This time: A noteworthy case study.

What caused the right kidney of a 42-year-old woman with no related symptoms to swell and retain urine? That's what Weihong Zhao and colleagues at The Second Hospital of Shanxi Medical University in China needed to determine.

As they described in American Journal of Case Reports, physical examination revealed dilation of the right upper ureter. The team performed an intravenous pyelogram (IVP), but it was unable to visualize the right renal pelvis and ureter.

The patient said she did not have frequent urination, urinary urgency, or blood in her urine. She did note, though, that her periods were usually accompanied by painful menstrual cramps.

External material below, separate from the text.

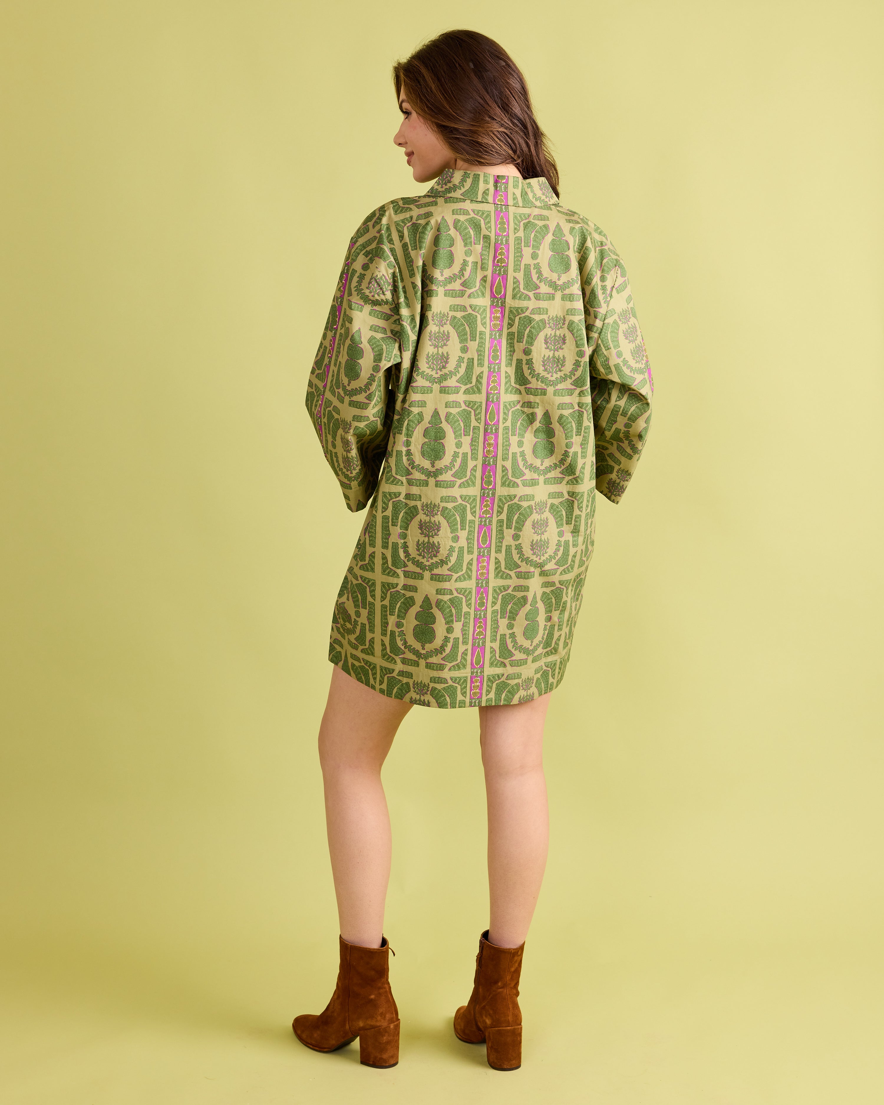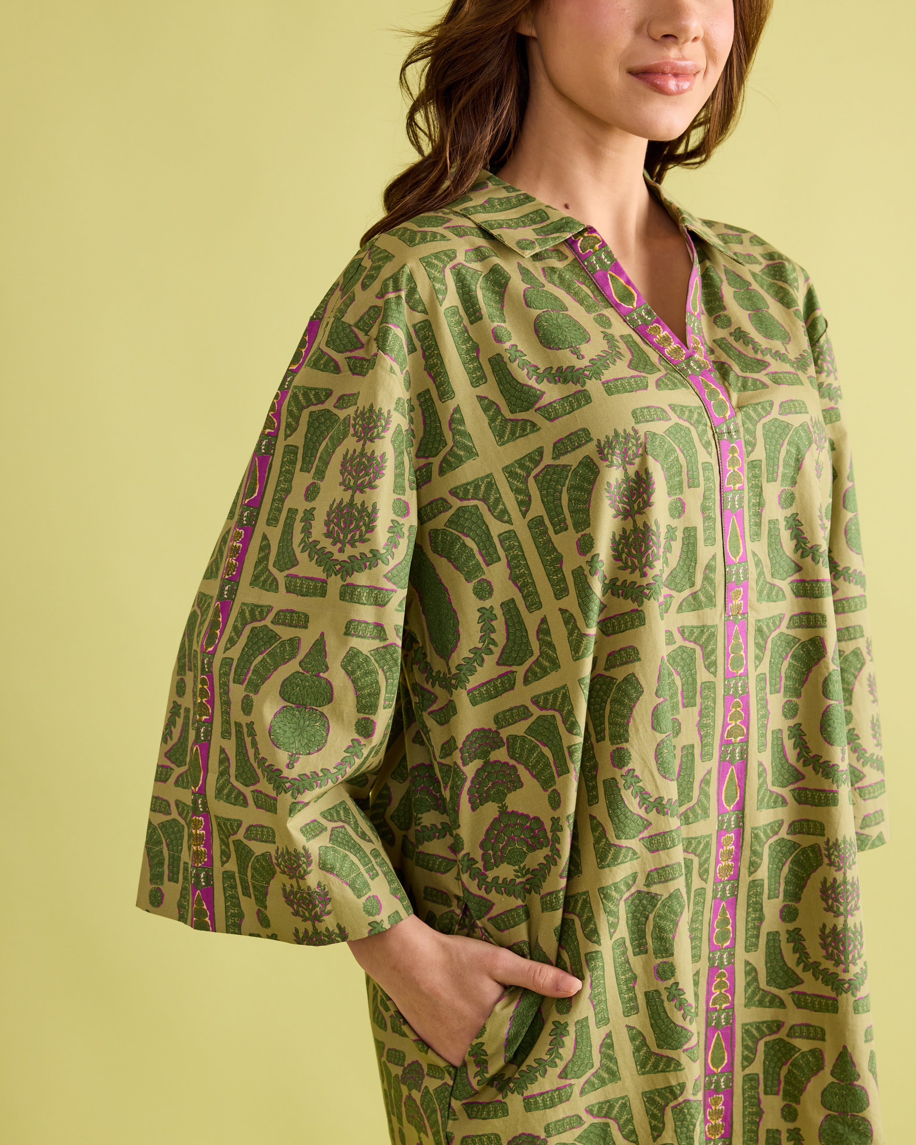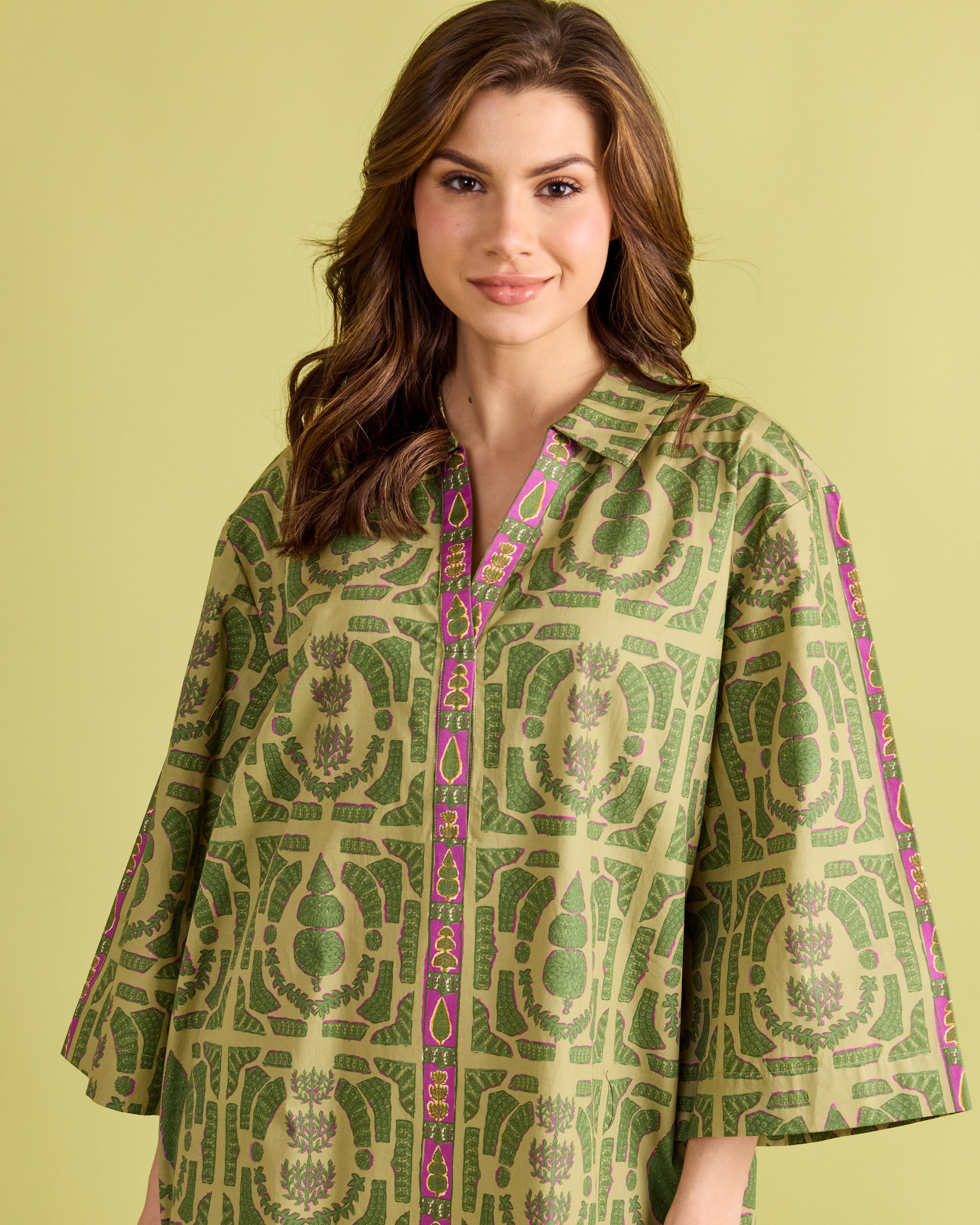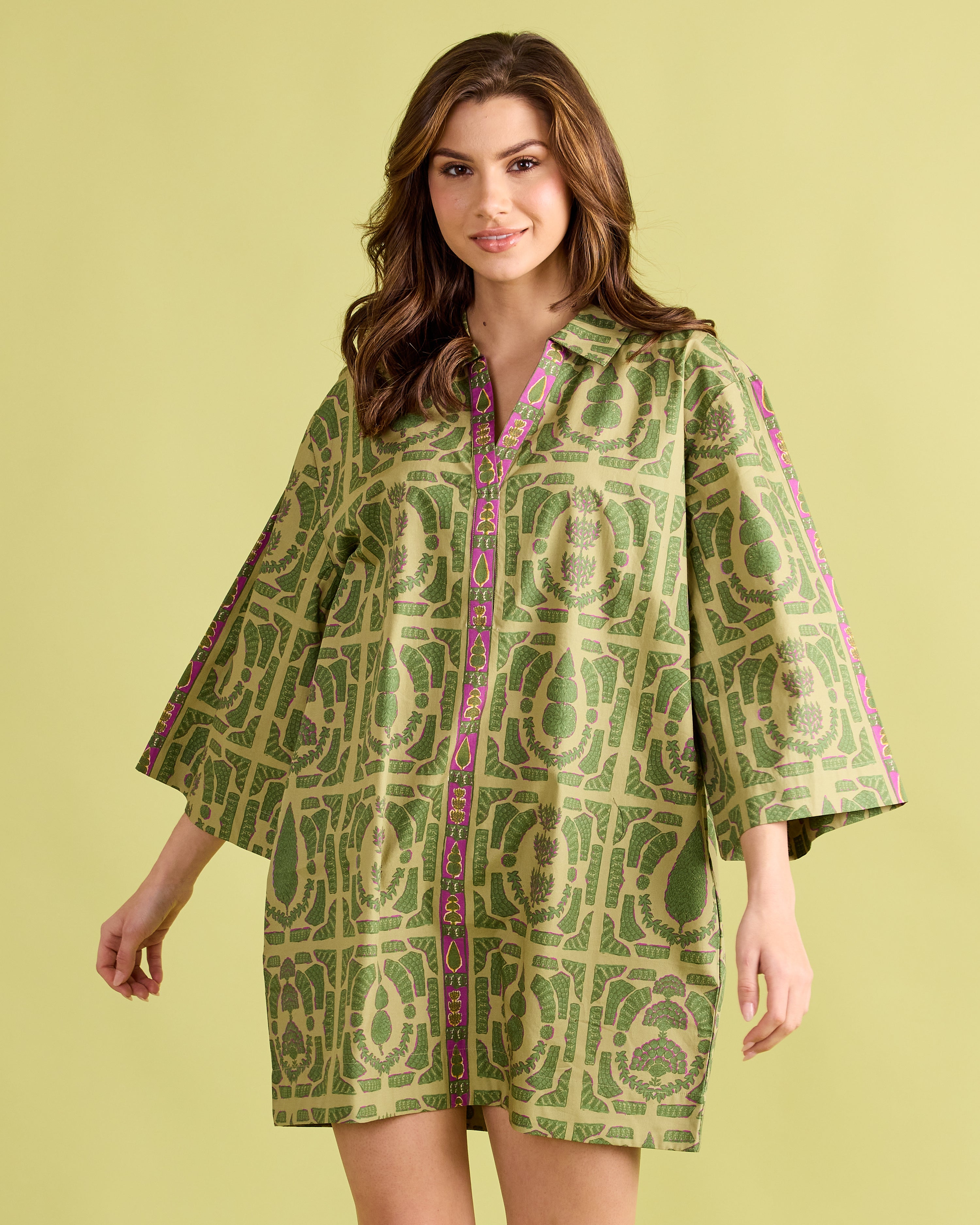 Classic elegance with a modern twist—the Colette Dress is designed to stand out. This relaxed shift silhouette features wide sleeves, a split neckline, and bold geometric-inspired patterning in fresh shades of green with a pop of magenta trim. Effortlessly chic and comfortable, the Colette is perfect for everything from daytime gatherings to evening cocktails. Style it with boots or flats for a polished look that’s equal parts sophisticated and easy to wear.

Vital signs were normal, and CT and contrast-enhanced CT showed effusion of the right kidney and ureter. On MRI imaging of the urinary tract, the team noted dilation of the right renal pelvis and ureter, although the lower segment of the ureter entering the bladder was not visible.

Radionuclide dynamic renal imaging showed that compared with the left kidney, the right kidney had significantly reduced blood perfusion, and the glomerular filtration rate of 12.16 m/min indicated severe renal impairment.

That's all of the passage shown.